Let $f$ have value $1$ on $[0,\infty)$ and also value $0$ on $(-\infty,-1]$. This function is not constant (although it is in your area constant), and also pleases $f(x)=f(2x+1)$ whenever $x$ remains in its domain name.

As in the previous proof of $f$ being constant on $\mathbb{R}$, specify $g(x) = f(x-1)$, to make sure that $g(x) = g(2x)$ ; the domain names of $f$ and also $g$ are simply changed variations of each various other.

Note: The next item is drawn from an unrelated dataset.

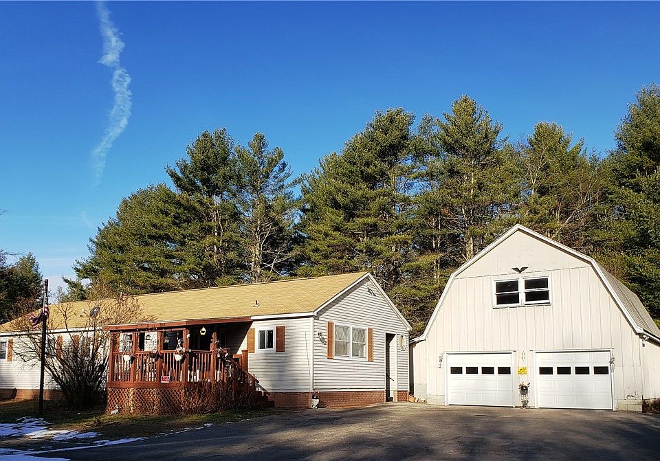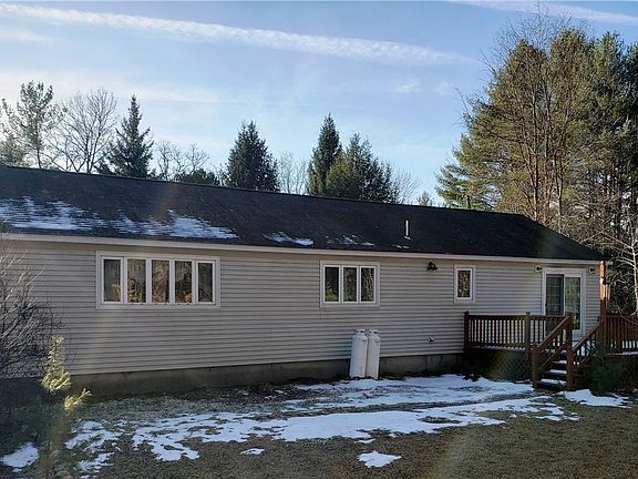 Looking for one floor living in the country? Situated on 5.8 acres this 3 bedroom, 1500 plus sq. ft. home is just what you’re looking for. Open kitchen/dining/living room area. A separate family or office room. Master bedroom with it’s own bathroom & laundry, and sliding doors open to the deck overlooking the back yard. Off the kitchen is a closet converted to a pantry for plenty of storage & ample closet space throughout the home. The garage has a 3rd overhead door on the side for recreation or utility vehicles, a workshop area & a full second floor for storage. Add to this on the property is a slab for a mobile home with well, septic , electric and a 2 stall garage. (Possible for a rental unit or in-law home) Expansive lawn & wooded area for your own recreation. Close to snowmobile trails, hunting area & Adirondack Park. Ideal for a permanent home or vacation get away location!

Absolutely, if the domain name of $g$ is tiny sufficient, claim $[2,3]$, after that $g$ can be any kind of continual function, due to the fact that the domain name has no $x$ and also $2x$ at the very same time. An even more intriguing inquiry is : just how huge can we make the domain name to make sure that $g$ will still not be constant? The response to this is recommended by JDH's answer : if we remove just the solitary factor 0, making the domain name $\mathbb{R} \setminus \\{0\\}$, it is separated right into 2 parts which can individually have constant values.

Just how large can a domain name get on which $g$ is not also in your area constant? Remove a randomly tiny period around $0$. Take any kind of non - constant continual function $h$ which is routine with device duration, and also allow $g(x) = h(\log_2 x)$. After that $g(x) = g(2x)$ for all $x$, and also is continual almost everywhere.